RIASSUNTO
Abstract
The goal of this work is to change the wettability of a carbonate rock from mixed-wet towards water-wet at high temperature and high salinity. Three types of surfactants in dilute concentrations (<0.2 wt%) were used. Initial surfactant screening was done on the basis of aqueous stability at these harsh conditions. Contact angle experiments on aged calcite plates were done to narrow down the list of surfactants and spontaneous imbibition experiments were conducted on field cores for promising surfactants. Secondary waterflooding was conduceted in cores with and without the wettability altering surfactants. It was observed that barring a few surfactants, most were aqueous unstable by themselves at these harsh conditions. Dual surfactant systems, a mixture of a non-ionic and a cationic surfactant increased the aqueous stability. Some of the dual surfactant systems proved very good for wettability alteration and could recover 70-80% of OOIP during spontaneous imbibition.
Secondary waterflooding with the wettability altering surfactant increased the oil recovery over the waterflooding without the surfactants (from 29% to 40% OOIP).
Introduction
Approximately half of the world's discovered oil reserves are in carbonate reservoirs and many of these reservoirs are naturally fractured (Roehl and Choquette 1985). Carbonate reservoirs often have a high degree of heterogeneity and the pore structure is complex. The carbonate rocks are often mixed-wet to oil-wet because of the positive zeta potential of the rock surface, the hardness of the brine and the presence of apshaltenes and organic acids in the oil. Due to microscopic oil trapping and macroscopic bypassing, waterflooding in carbonate reservoirs is often poor (Manrique et. al. 2006). Improved oil recovery from oil-wet, low-permeability carbonate reservoirs is a great challenge.
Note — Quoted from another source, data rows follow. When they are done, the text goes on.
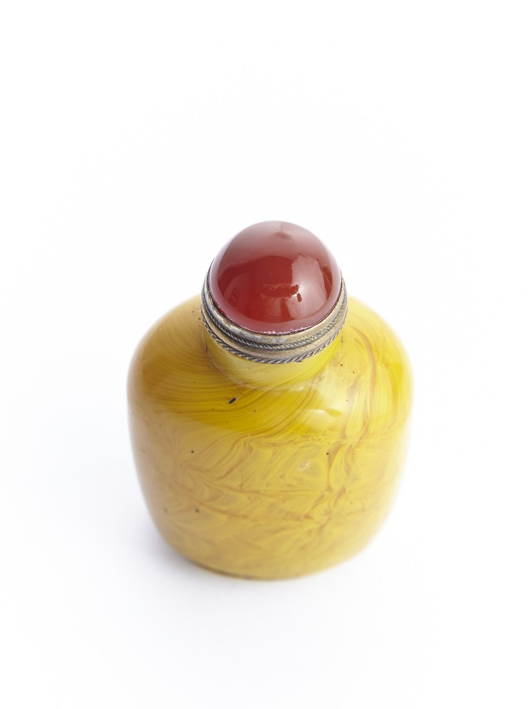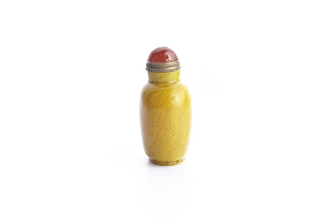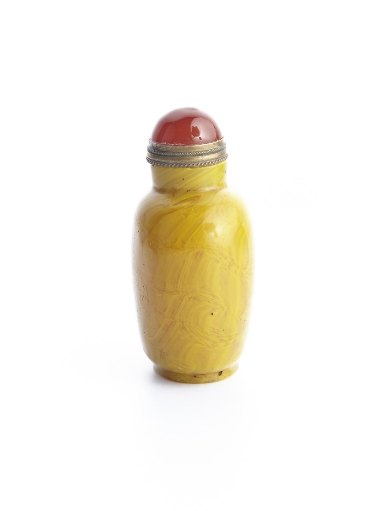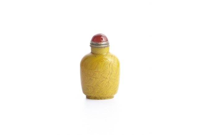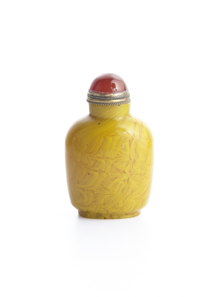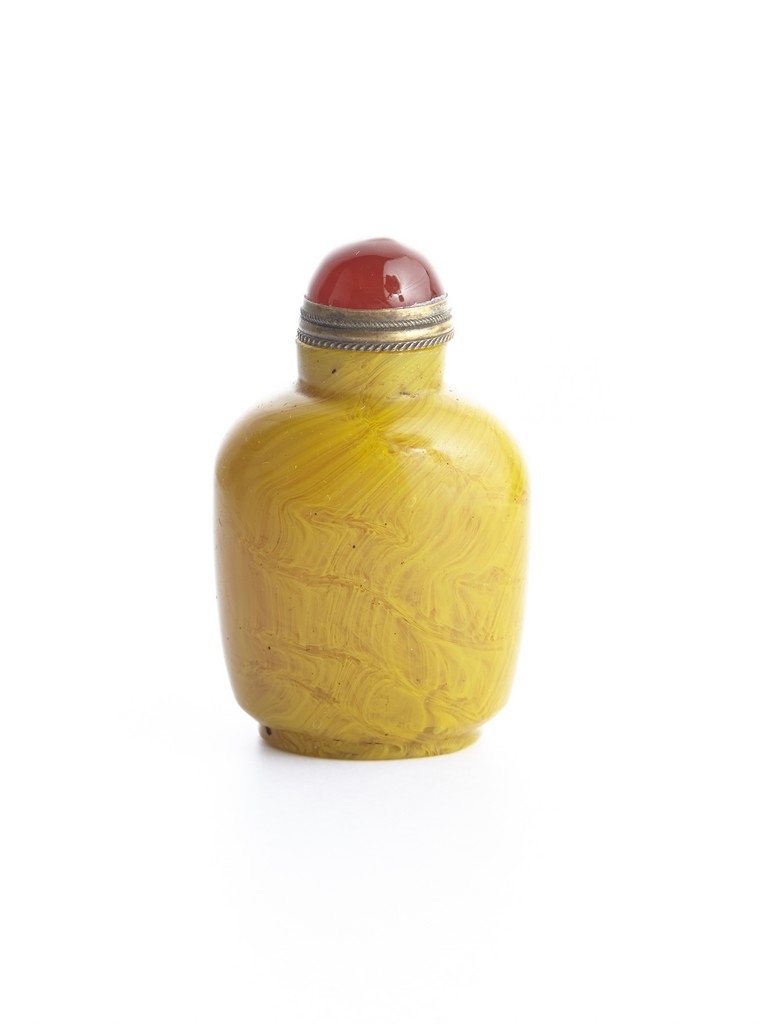 A SWIRLED YELLOW GLASS SNUFF BOTTLE    清 黃料絞胎鼻煙壺
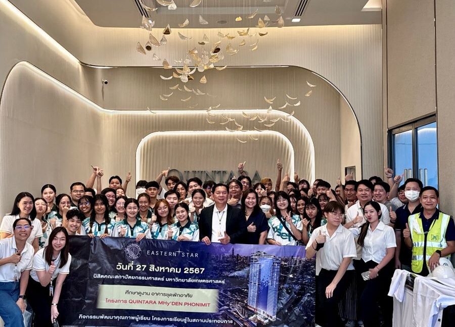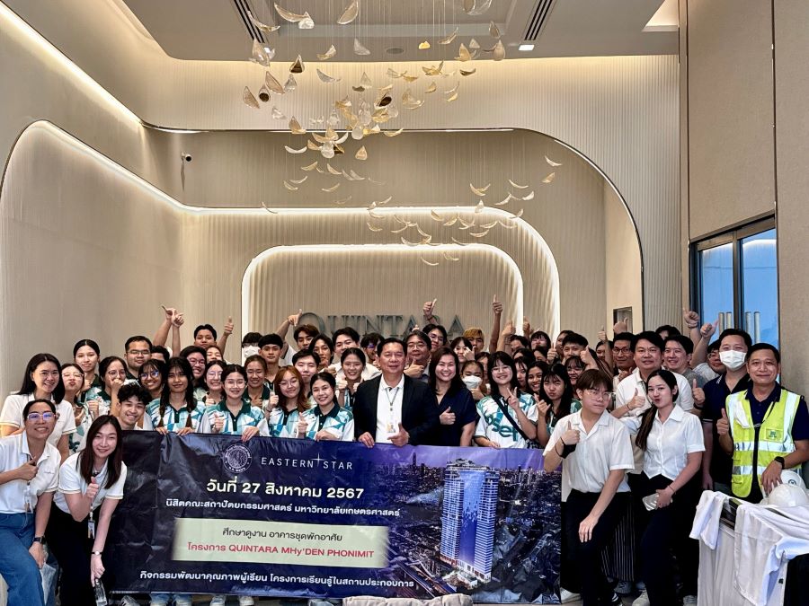 บริษัท อีสเทอร์น สตาร์ เรียล เอสเตท จำกัด (มหาชน) หรือ ESTAR นำโดยหัวเรือใหญ่ พี่แจ้-ไพโรจน์ วัฒนวโรดม กรรมการผู้จัดการ บริษัทฯ ในฐานะนิสิตเก่าดีเด่น แห่งคณะวิศวกรรมศาสตร์ มหาวิทยาลัยเกษตรศาสตร์ เปิดบ้านต้อนรับนิสิต คณะสถาปัตยกรรมศาสตร์ มหาวิทยาลัยเกษตรศาสตร์ ในการเยี่ยมชมโครงการ QUINTARA MHy’DEN PHO NIMIT By EASTERN STAR x ARCH KU พร้อมยังเป็นวิทยากรในการบรรยาย ภายใต้กิจกรรมพัฒนาคุณภาพผู้เรียนโครงการเรียนรู้ในสถานประกอบการ กิจกรรมนี้จัดขึ้นเพื่อให้นิสิตได้เรียนรู้จากสถานที่จริง และได้รับความรู้จากประสบการณ์ตรงของผู้ประกอบการอสังหาฯ ระดับมืออาชีพ เป็นการแลกเปลี่ยนประสบการณ์เพื่อส่งเสริมศักยภาพคนรุ่นใหม่ ให้สามารถนำความรู้ที่ได้ไปปรับใช้กับเทรนด์ยุคใหม่ได้อย่างยั่งยืน กิจกรรมดังกล่าวได้จัดขึ้นเมื่อเร็วๆ นี้
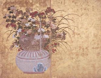 Keywords: Flower Basket (Shokoji Takaoka).jpg en Flower Basket Shokoji Takaoka Toyama Japan ja 興寺 物 紙 著色花篭図 http //www2 tkc pref toyama jp/general/stdydtl aspx stdycd 00084211 libcd Anonymous Edo-period artist early Edo period pre-1868 PD-old-100 Paintings of the Edo period Byōbu Shoko-ji Takaoka |
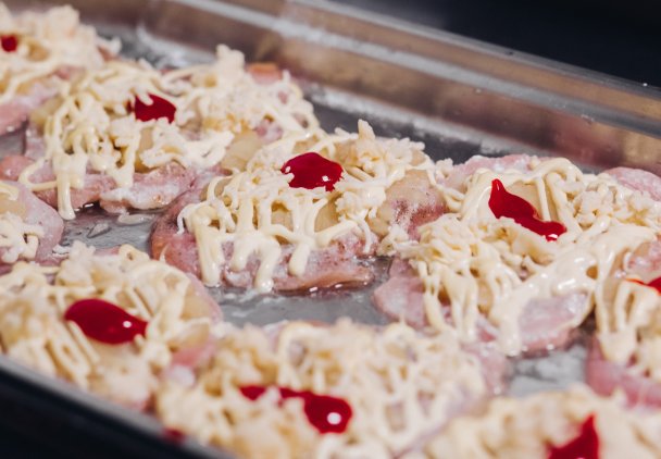 Na wierzchu nałóż po kleksie keczupu. Kotlety belwederskie wstaw do piekarnika nagrzanego do 180 st. Celsjusza i piecz przez 25-30 minut, do zrumienienia. Podawaj na ciepło, z ulubioną surówką i dodatkiem skrobiowym.

Reservoir wettability plays an important role during waterflooding. In a water-wet reservoir, the water relative permeability is low and oil relative permeability is high. Most of the oil is produced before water breakthrough; there is very little oil production after water breakthrough. In an oil-wet (or mixed-wet) reservoir, the water relative permeability is high and oil relative permeability is low. Water breaks through early and oil is co-produced with water for many pore volume of water injected. The residual oil saturation depends on wettability with a minimum for a mixed-wettability lower than either strongly water-wet or oil-wet rock (Salathiel et al. 1973, Jadhunandan and Morrow 1995). Reservoir wettability also affects the bypassing of oil in lower permeability zones. In a water-wet medium, water can be imbibed into bypassed zones by capillary forces and reduce bypassing. In oil-wet media, bypassing is expected to be higher because capillary forces discourage water to invade these bypassed zones. The goal of this study is to identify a wettability altering agent that can be added to waterflood which would change wettability and improve oil recovery in a secondary waterflooding in a non-fractured carbonate rock.
There are two main approaches to wettability alteration in originally oil-wet carbonate rocks. The first approach is through a change in the brine ionic composition. Strand et al. (2006, 2008) have shown that addition of sulfate and other potential determining ions can change the wettability of originally oil-wet chalk cores at high temperatures (above 90 °C). Increase in water-wetness was demonstrated by imbibitions of these brines into originally oil-wet chalk cores. It is hypothesized that
sulfate ions replace the adsorbed negatively charged organic acid groups thus making the surface more water-wet. High temperature is important for fast enough kinetics for this ion exchange. Yousef et al. (2010) have shown that diluting the injection brine salinity for a high temperature and high salinity carbonate reservoir improves the wettability towards more water-wet and gives an additional oil recovery of almost 20% over injection of sea brine.